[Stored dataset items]
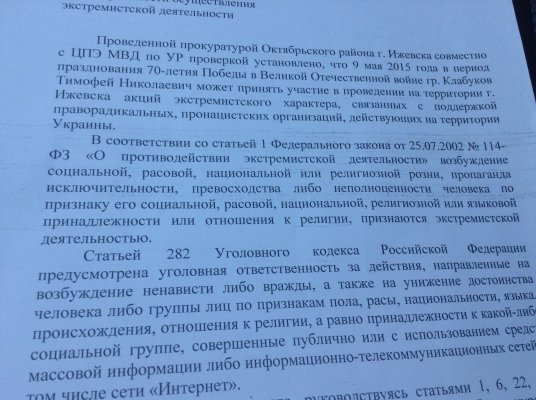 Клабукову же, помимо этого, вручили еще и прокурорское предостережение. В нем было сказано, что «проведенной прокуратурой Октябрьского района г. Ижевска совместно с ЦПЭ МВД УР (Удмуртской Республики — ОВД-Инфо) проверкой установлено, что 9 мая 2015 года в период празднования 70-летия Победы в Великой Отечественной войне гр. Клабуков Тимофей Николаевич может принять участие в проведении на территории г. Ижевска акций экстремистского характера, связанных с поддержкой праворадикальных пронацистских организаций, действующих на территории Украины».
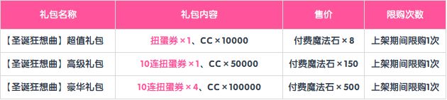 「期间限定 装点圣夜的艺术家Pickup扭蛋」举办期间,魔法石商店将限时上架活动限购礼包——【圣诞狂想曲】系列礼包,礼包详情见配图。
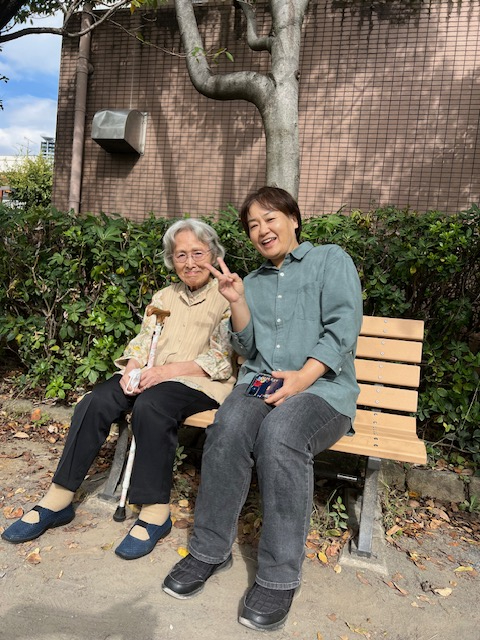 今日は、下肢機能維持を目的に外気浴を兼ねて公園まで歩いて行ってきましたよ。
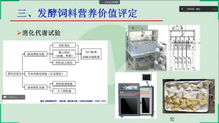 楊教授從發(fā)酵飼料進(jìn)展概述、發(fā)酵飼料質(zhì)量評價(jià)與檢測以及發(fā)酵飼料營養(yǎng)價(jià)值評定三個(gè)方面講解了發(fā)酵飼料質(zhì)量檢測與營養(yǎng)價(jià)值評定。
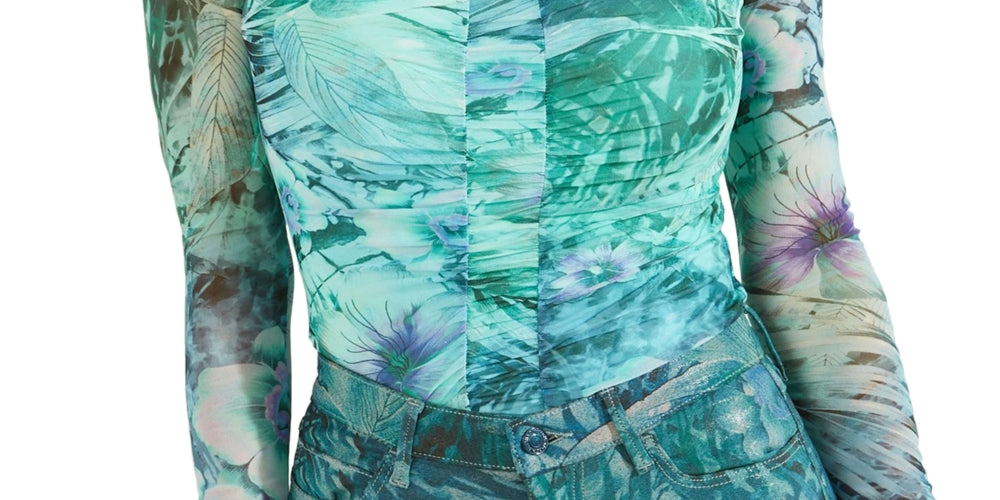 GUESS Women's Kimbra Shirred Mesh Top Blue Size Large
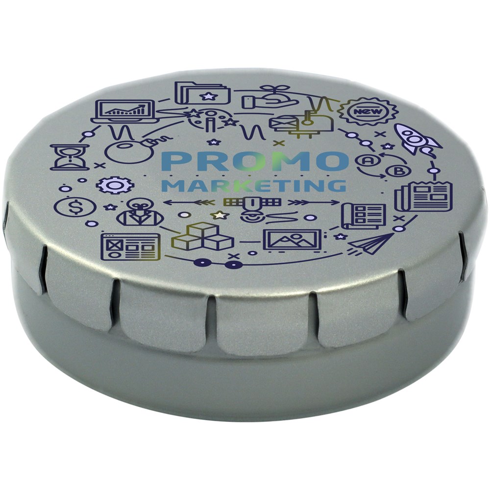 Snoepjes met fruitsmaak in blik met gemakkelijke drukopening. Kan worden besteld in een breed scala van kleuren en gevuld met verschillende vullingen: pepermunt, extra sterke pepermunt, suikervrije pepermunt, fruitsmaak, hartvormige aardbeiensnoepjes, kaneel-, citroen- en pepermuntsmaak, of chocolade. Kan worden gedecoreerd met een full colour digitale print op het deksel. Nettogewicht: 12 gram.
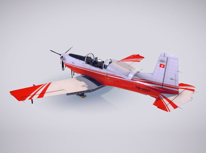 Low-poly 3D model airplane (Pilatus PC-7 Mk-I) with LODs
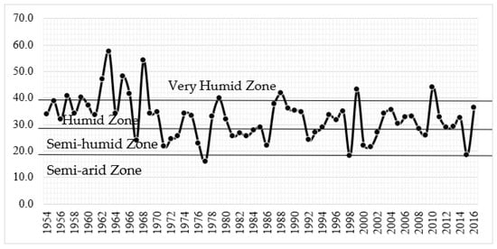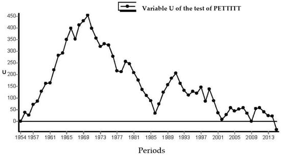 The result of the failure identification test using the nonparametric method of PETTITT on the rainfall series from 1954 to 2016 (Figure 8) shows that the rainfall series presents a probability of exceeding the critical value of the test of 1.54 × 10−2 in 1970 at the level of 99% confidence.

• _WHAT YOU ARE ASKED TO DO_
Type out all the records verbatim, minus images.

• _FINAL ANSWER_
 Клабукову же, помимо этого, вручили еще и прокурорское предостережение. В нем было сказано, что «проведенной прокуратурой Октябрьского района г. Ижевска совместно с ЦПЭ МВД УР (Удмуртской Республики — ОВД-Инфо) проверкой установлено, что 9 мая 2015 года в период празднования 70-летия Победы в Великой Отечественной войне гр. Клабуков Тимофей Николаевич может принять участие в проведении на территории г. Ижевска акций экстремистского характера, связанных с поддержкой праворадикальных пронацистских организаций, действующих на территории Украины».
 「期间限定 装点圣夜的艺术家Pickup扭蛋」举办期间,魔法石商店将限时上架活动限购礼包——【圣诞狂想曲】系列礼包,礼包详情见配图。
 今日は、下肢機能維持を目的に外気浴を兼ねて公園まで歩いて行ってきましたよ。
 楊教授從發(fā)酵飼料進(jìn)展概述、發(fā)酵飼料質(zhì)量評價(jià)與檢測以及發(fā)酵飼料營養(yǎng)價(jià)值評定三個(gè)方面講解了發(fā)酵飼料質(zhì)量檢測與營養(yǎng)價(jià)值評定。
 GUESS Women's Kimbra Shirred Mesh Top Blue Size Large
 Snoepjes met fruitsmaak in blik met gemakkelijke drukopening. Kan worden besteld in een breed scala van kleuren en gevuld met verschillende vullingen: pepermunt, extra sterke pepermunt, suikervrije pepermunt, fruitsmaak, hartvormige aardbeiensnoepjes, kaneel-, citroen- en pepermuntsmaak, of chocolade. Kan worden gedecoreerd met een full colour digitale print op het deksel. Nettogewicht: 12 gram.
 Low-poly 3D model airplane (Pilatus PC-7 Mk-I) with LODs
 The result of the failure identification test using the nonparametric method of PETTITT on the rainfall series from 1954 to 2016 (Figure 8) shows that the rainfall series presents a probability of exceeding the critical value of the test of 1.54 × 10−2 in 1970 at the level of 99% confidence.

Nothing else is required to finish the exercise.